Brick Haley

Biographical details
- Born: May 16, 1966 (age 59) Gadsden, Alabama

Playing career
- 1984–1988: Alabama A&M
- Position: Linebacker

Coaching career (HC unless noted)
- 1989: Enterprise HS (AL) (assistant)
- 1990: Arkansas (GA)
- 1991–1993: Austin Peay (DL)
- 1994–1996: Troy State (DL)
- 1997: Houston (OLB)
- 1998: Clemson (OLB)
- 1999–2001: Baylor (DC/LB)
- 2002–2003: Georgia Tech (LB)
- 2004–2006: Mississippi State (DL)
- 2007–2009: Chicago Bears (DL)
- 2009–2014: LSU (DL)
- 2015–2016: Texas (DL)
- 2017–2020: Missouri (DL)
- 2022: Minnesota (DL)
- 2023–2024: Purdue (DL)

= Brick Haley =

American football player and coach (born 1966)

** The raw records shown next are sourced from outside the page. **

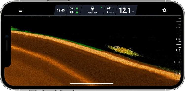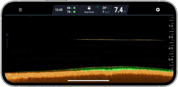 Дисплей эхолота покажет вам, насколько твёрд объект, используя цвет и яркость: чем ярче цвет, тем сильнее сигнал и, следовательно, тем твёрже объект. Это особенно важно при сканировании дна.
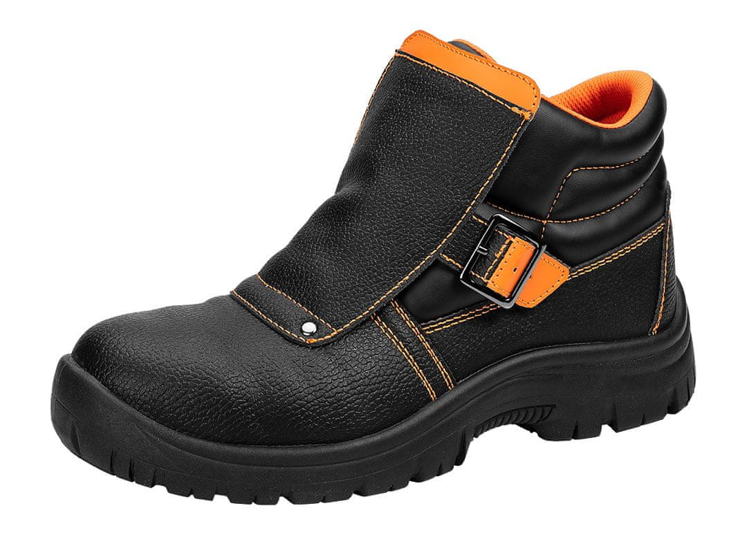 Varilski škornji S1P SRC 82–180–46 znamke NEO so zaščitna obutev, zasnovana za varjenje in obdelavo kovin. Imajo trpežen zgornji del iz reliefnega usnja, mrežasto pleteno podlogo in podplat iz PU. Imajo tudi peno EVA, kovinsko kapico in kovinski vložek, odporen proti prebadanju. Varilski čevlji NEO imajo oznako S1P SRC, kar pomeni, da so nedrseči na keramičnih površinah, prevlečenih z natrijevim lavril sulfatom (SLS), in na jeklenih površinah, prevlečenih z glicerolom. Kapica zagotavlja tudi zaščito prstov pred udarci do 200 joulov. Podplat ščiti pred prebadanjem, olji, bencinom in drugimi organskimi topili. Čevlji imajo zaprto peto in absorpcijo energije v predelu pete. Odlikujejo jih antistatične lastnosti. Enojni in dvojni šivi zagotavljajo vzdržljivost, prevleka iz vezalk, pritrjena z eno samo zaponko, pa krepi celotno konstrukcijo čevlja. NEO ima certifikat CE za skladnost s standardom EN ISO 20345. Na voljo so v velikostih od 39 do 47.
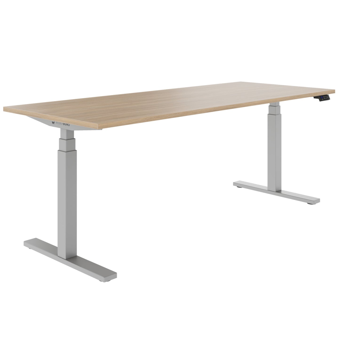 Zwei kraftvolle Motoren bringen den TELDRA Office in Schwung – und das mit beeindruckender Leichtigkeit. Ob Monitore, Aktenstapel oder technisches Zubehör, bis zu 200 kg hebt er mühelos. Mit 40 mm pro Sekunde wechselst du blitzschnell zwischen Sitzen und Stehen, ohne aus dem Flow zu kommen. Und dank des pulverbeschichteten T-Fuss-Gestells bleibt nicht nur dein Arbeitsplatz stabil, sondern sieht auch noch modern aus.
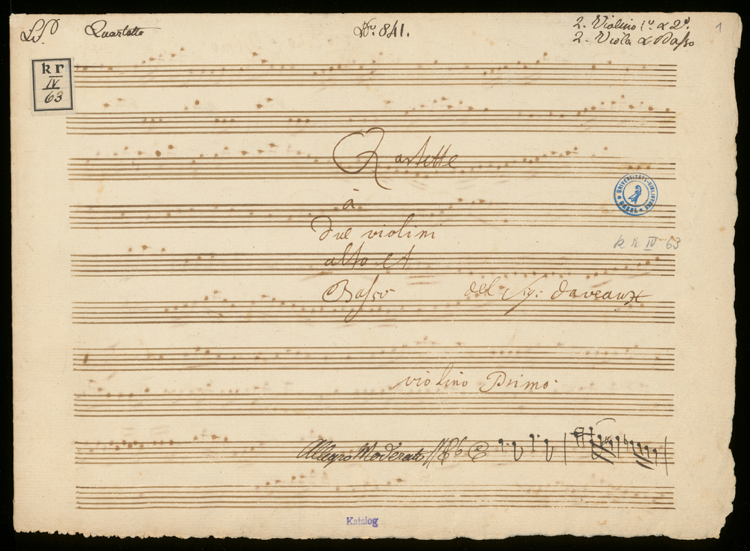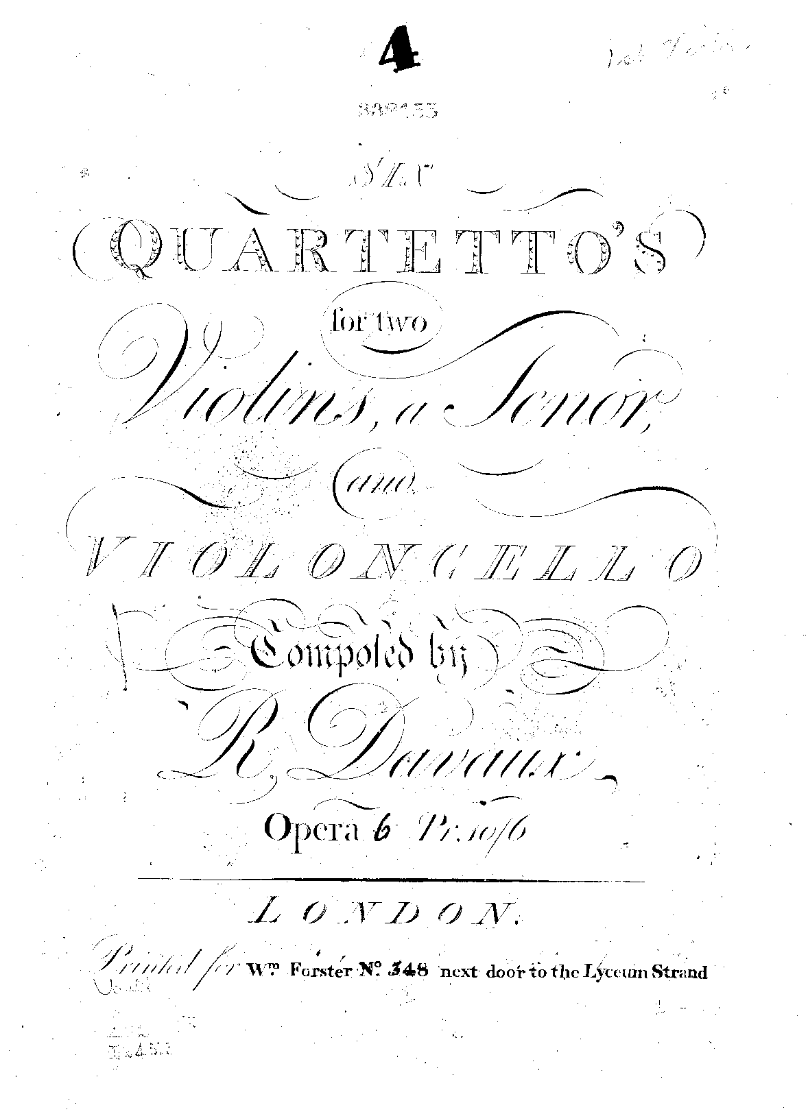 | Genre Categories | Quartets; For 2 violins, viola, cello; Scores featuring the violin; |
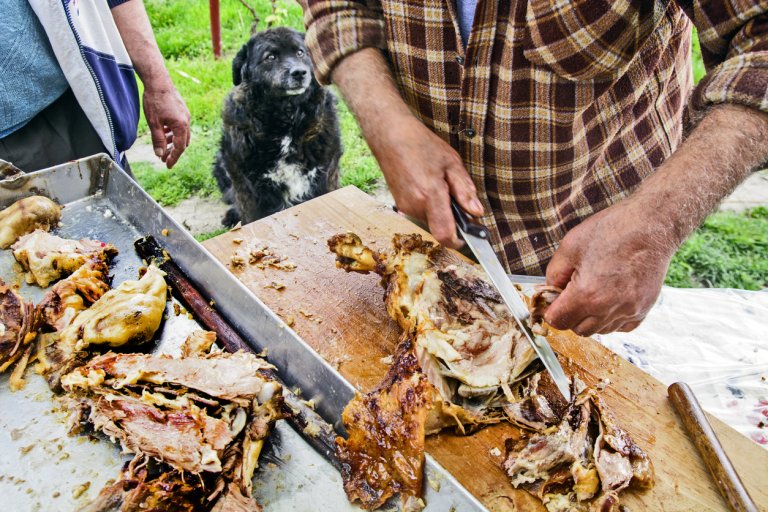 От месото се раздават по-пестеливи порции, за да стигне за всички. Важно на Гергьовден е било не наяждането с агнешко, а всеки да опита от ритуално убитото животно в чест на светеца и да благослови името му, докато яде.
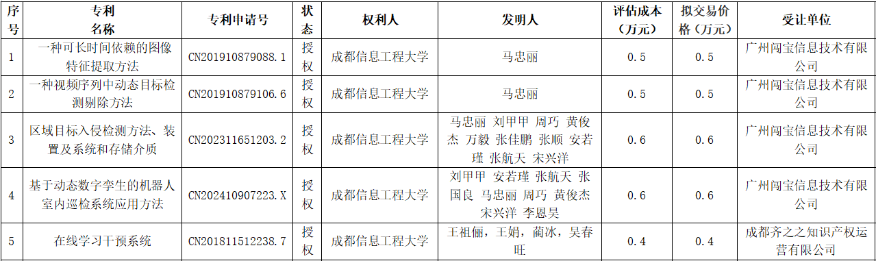 学校拟转让“一种可长时间依赖的图像特征提取方法”等五项专利权,现将有关事项公示如下:
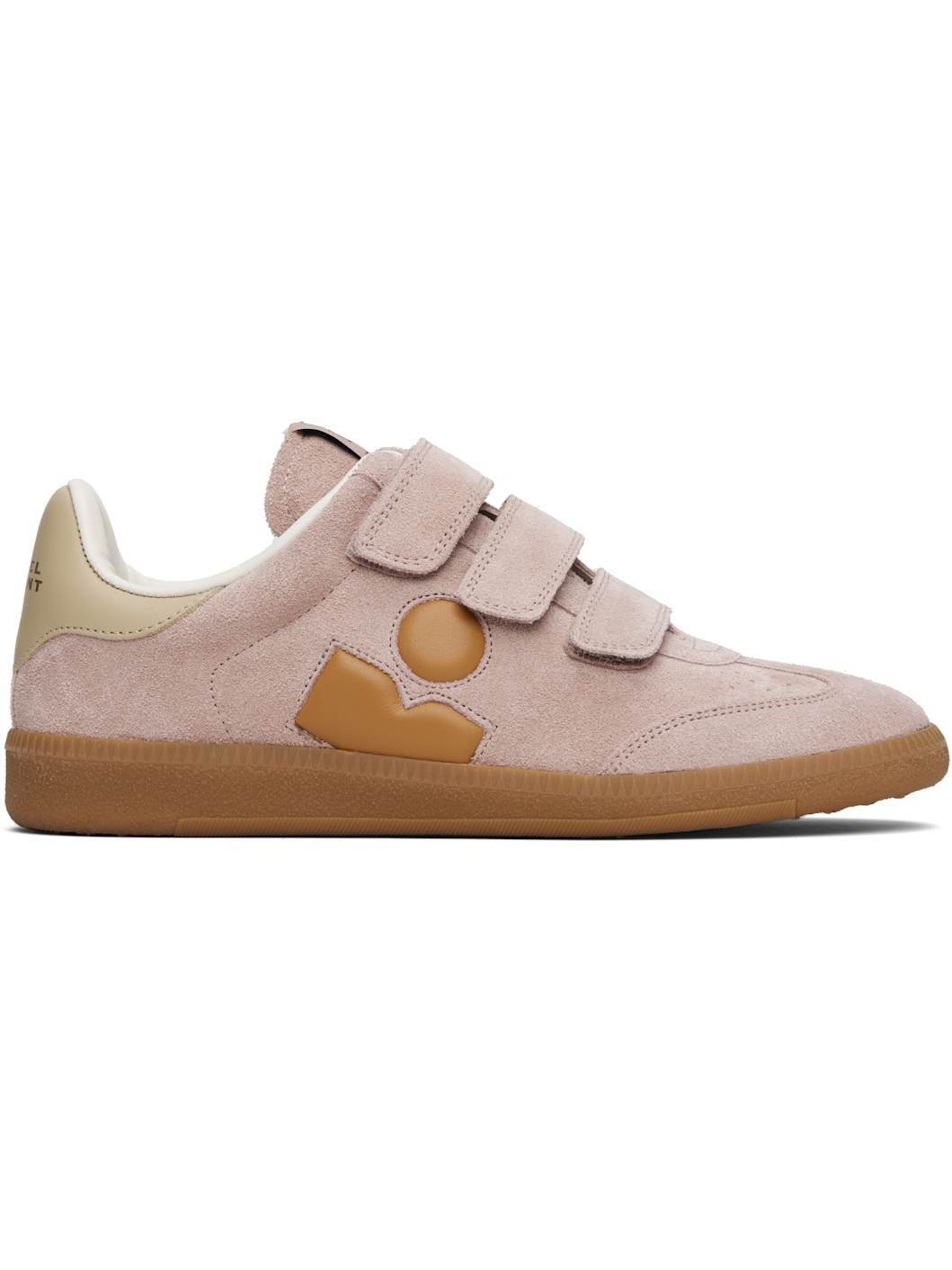 Low-top calfskin suede sneakers. · Perforated detailing at toe · Velcro closure · Logo patch at padded tongue · Padded collar · Inset logo at outer side · Logo stamp at heel tab · Terrycloth lining · Treaded rubber sole Supplier color: Faded pink/Honey Upper: calfskin. Sole: rubber. Made in Portugal 252600F128007
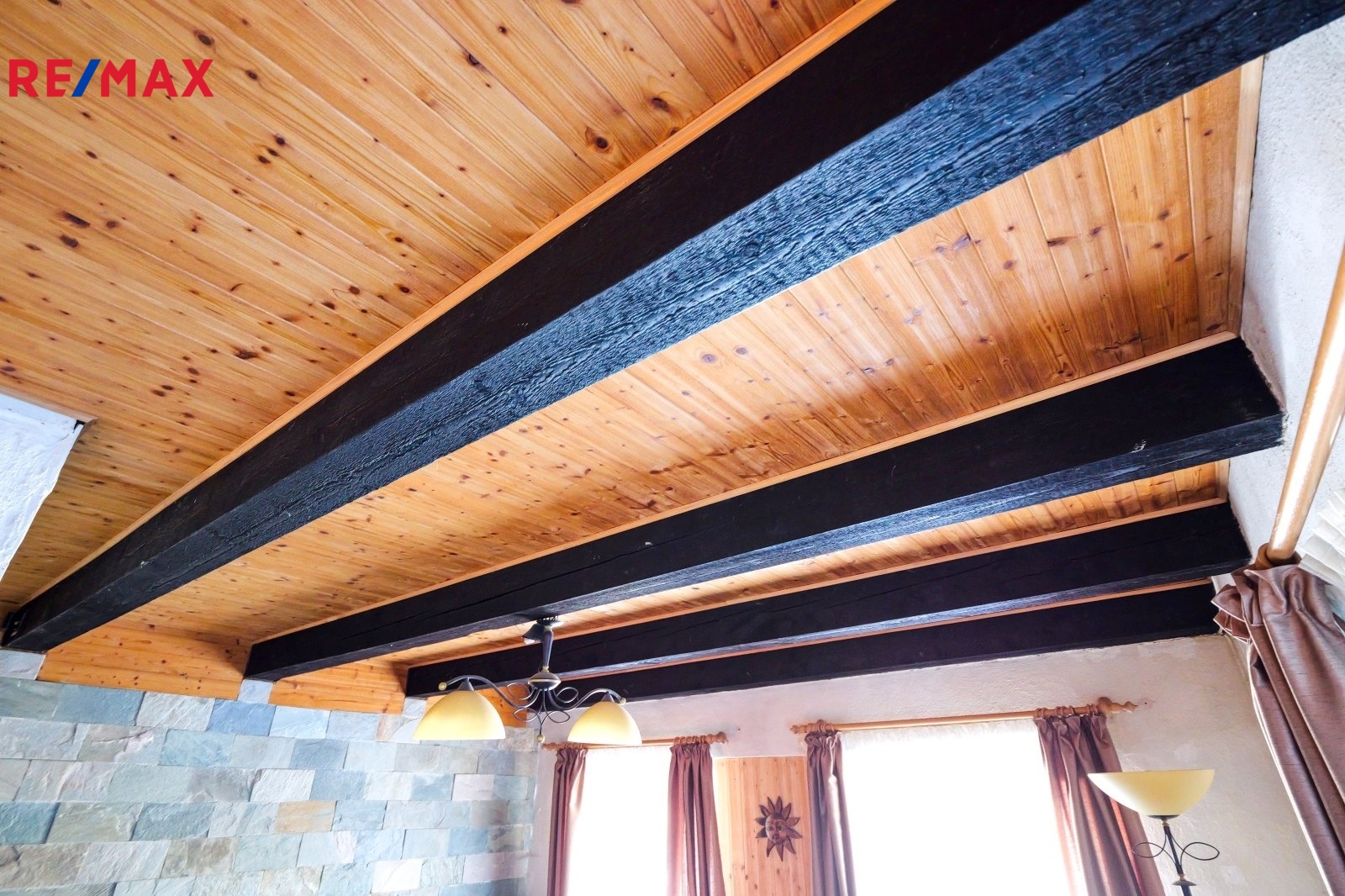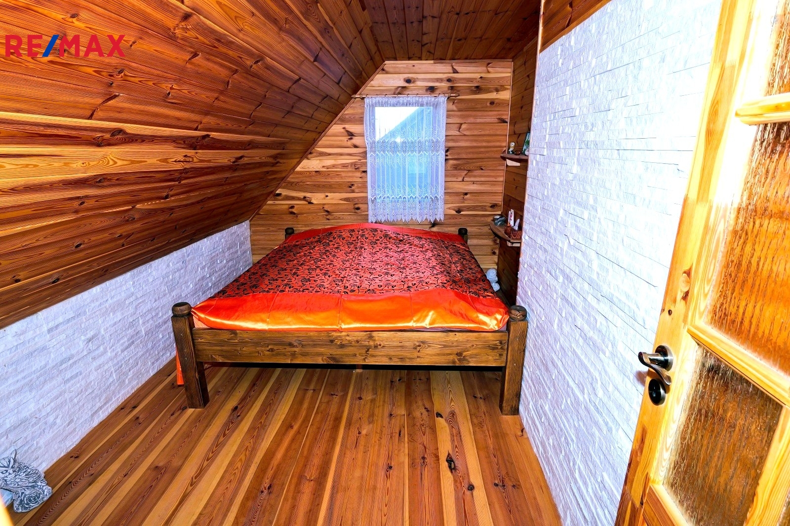 Podkroví zaujme výrazným dřevěným obložením stěn nebo luxusním kameným obložením komínového průchodu a má celkově velmi příjemnou atmosféru.
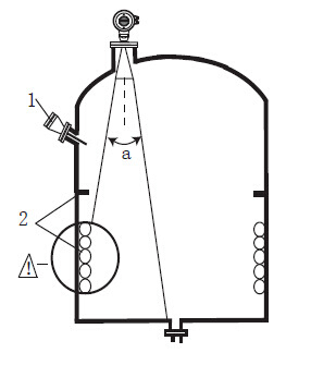 ● 在 信號波束內(nèi), 應(yīng)避免有如下安裝物(1):例如限位開關(guān),溫度傳感器等。● 對稱裝置(2),如真空環(huán),加熱線圈,擋板等等?!?如果罐內(nèi)有(1)(2)干涉物件,應(yīng)采用導(dǎo)波管進行測量。 3.3安裝選擇● 天線尺寸:天線越大,波束角越小,干擾回波將越弱?!?天線調(diào)整:將天線調(diào)整到測量位置。(見樣本第8頁)● 導(dǎo)波管:導(dǎo)波管安裝用來避免干擾回波。(見樣本第9頁)
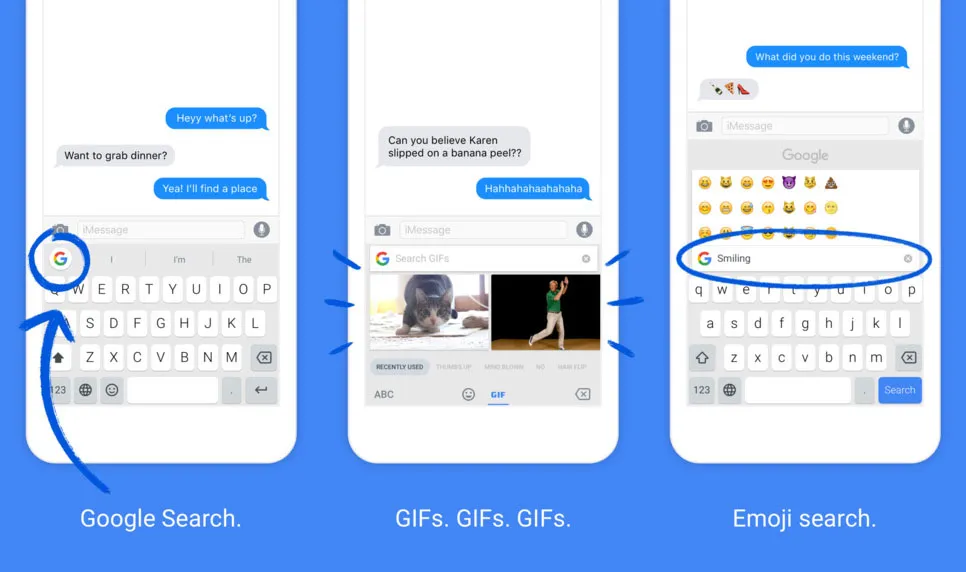 Para el que no lo conozca, Gboard es un teclado creado por Google para el sistema operativo de la manzana a principios de este año. El teclado, permite enviar imágenes y gifs a cualquier aplicación de una manera muy sencilla. Además, también permite hacer una búsqueda en Google desde cualquier lugar donde se pueda abrir el teclado.

Brick Haley (born May 16, 1966) is an American football coach and former player.

==Coaching career==

===Early career===
Previously, Haley was the defensive coordinator and linebackers coach at Baylor (1999–2001) after coaching outside linebackers for one season each at Clemson University (1998), and at Houston (1997). The defensive line coach at Troy State from 1994 to 1996, he was promoted to defensive coordinator following the 1996 campaign before leaving for Houston. Haley coached the defensive line at Austin Peay from 1991 to 1993 after starting his college coaching career as a graduate assistant at Arkansas in 1990. His first coaching job was at Enterprise (Ala.) High School in 1989.

===Georgia Tech===
After leaving Baylor as a defensive coordinator, Haley spent two years (2002–2003) as Georgia Tech's linebackers coach where he helped the Yellow Jackets to a pair of postseason bowl games. In 2003, he coached a first-team all-ACC performer, after Tech's trio of starting linebackers finished the 2002 season as the team's top-three tacklers.

===Mississippi State===
Prior to his stint in the NFL, Haley spent three years as the defensive line coach at Mississippi State from 2004 to 2006. At Mississippi State, Haley helped improve a Bulldogs defense that finished 41st in the nation in 2006 after finishing 113th a year before his arrival. Under Haley's watch, Bulldogs defensive end Titus Brown developed into a second-team all-SEC selection after leading the team and ranking fifth in the conference in sacks in 2006. In 2005, Haley coached the SEC leader in sacks (third in NCAA) and tackles for loss (fourth in NCAA) in Willie Evans.

===Chicago Bears===
Haley was the defensive line coach of the Chicago Bears of the NFL. In two years in the NFL with the Bears, Haley coached a defensive line that helped Chicago rank No. 5 in the league in rushing yards allowed per game in 2008. The Bears finished sixth in the NFL in sacks in 2007 with defensive tackle Tommie Harris earning a spot in the Pro Bowl that year.

==Personal life==
The Gadsden, Ala., native played linebacker at Alabama A&M from 1984 to 1988 and was inducted into the school's Athletic Hall of Fame in 2005. He received Alabama A&M's Inspiration Award in 1987, and was named football MVP for the 1988 season. He and his wife, Tina, have three sons: Adrian, A.J. and Jeremy.